My backyard It is pretty bumpy(some ruts). I had some french drains and catch basins put in for the BAD drainage problem.(Clay Soil) 



Should I stay away from Greens Mowers because of the HOC is so short with the condition of my backyard with it being bumpy and not level,


----------



## SGrabs33 (Feb 13, 2017)

I think either would work well. Maybe the greens mower might be best as it's heavier and that aluminum drum would level out some of the high spots possibly.

Scalp the back with the rotary this year and go to town with the REEL :thumbup:


----------



## Dangerlawn (Sep 13, 2018)

My backyard is bumpy too and I notice it scalps much worse with a rotary than with a greens mower. The front and reel rollers seem to help avoid scalping. I was really surprised how well it looked after I mowed at 0.25 inches. It scalped less at that height than my rotary which doesn't go below an inch.


----------



## Ware (Jan 28, 2017)

Dangerlawn said:


> My backyard is bumpy too and I notice it scalps much worse with a rotary than with a greens mower. The front and reel rollers seem to help avoid scalping. I was really surprised how well it looked after I mowed at 0.25 inches. It scalped less at that height than my rotary which doesn't go below an inch.


Agree. Most people find they can mow much lower with a reel mower without scalping than they could with a rotary mower.


----------



## MasterMech (Sep 24, 2017)

Greensmower all the way. Not only will the weight and full width traction drum help smooth things out, but parts are way more available and affordable than most reels.


----------



## Victory Green (Aug 5, 2019)

I know this is going against what everyone is answering to my question but I found this Mclane online. What kind of shape does it look in? The seller said it has been used only a few times. selling it for $650. 
Or should I save the money and 2 1/2 hr drive and keep looking for a greens mower.


----------



## McDiddles (Feb 24, 2020)

Victory Green said:


> I know this is going against what everyone is answering to my question but I found this Mclane online. What kind of shape does it look in? The seller said it has been used only a few times. selling it for $650.
> Or should I save the money and 2 1/2 hr drive and keep looking for a greens mower.

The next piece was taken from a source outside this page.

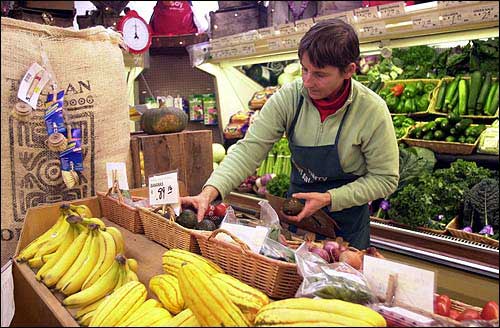Ginger Riege-Blackman stocks food at the Concord Food Co-Op in Concord, N.H. Since the discovery of a mad cow case in Washington state, American vegetarians mostly have been careful not to take advantage of the situation.

I see Mclane's going from $200-$500 on craigslist in my area. This looks to be in decent shape. Not sure If I'd risk it for a 2 1/2 hour drive though. I guess it depends on how often you're seeing them pop up for sale close by, and to what decision you make on the greens mower.


----------



## SGrabs33 (Feb 13, 2017)

Looks like a descent one. You would want to add the front roller so add another 150 to the price you pay. With the added travel I'd say keep looking.


----------



## Victory Green (Aug 5, 2019)

Ok I might ask about lowing the price and go from there. Thanks for all the input!!!!!!!!!!!! It really helps!!!!


----------



## Victory Green (Aug 5, 2019)

I hope my post correcting(in the right location on the blog).

Here is another one I found online. A California Trimmer. The seller said only used 4 times. asking $950. I will ask $300-$400. :? 
I just like to get others input on these mowers. 2 brains better than 1.


----------



## McDiddles (Feb 24, 2020)

you can damn near get a new one for $950. Might check local pawn shops.


----------



## Victory Green (Aug 5, 2019)

yea i was thinking the same thing @McDiddles. They didn't take my offer of $300. which i had a good idea they wouldn't but I'm taking my time and in no rush. 
Thanks for your input.


----------



## Teej (Feb 27, 2019)

@Victory Green I have not used the McLane, , but I recently picked up a California Trimmer and I love it. The cut is truly next level compared to my push reel.


----------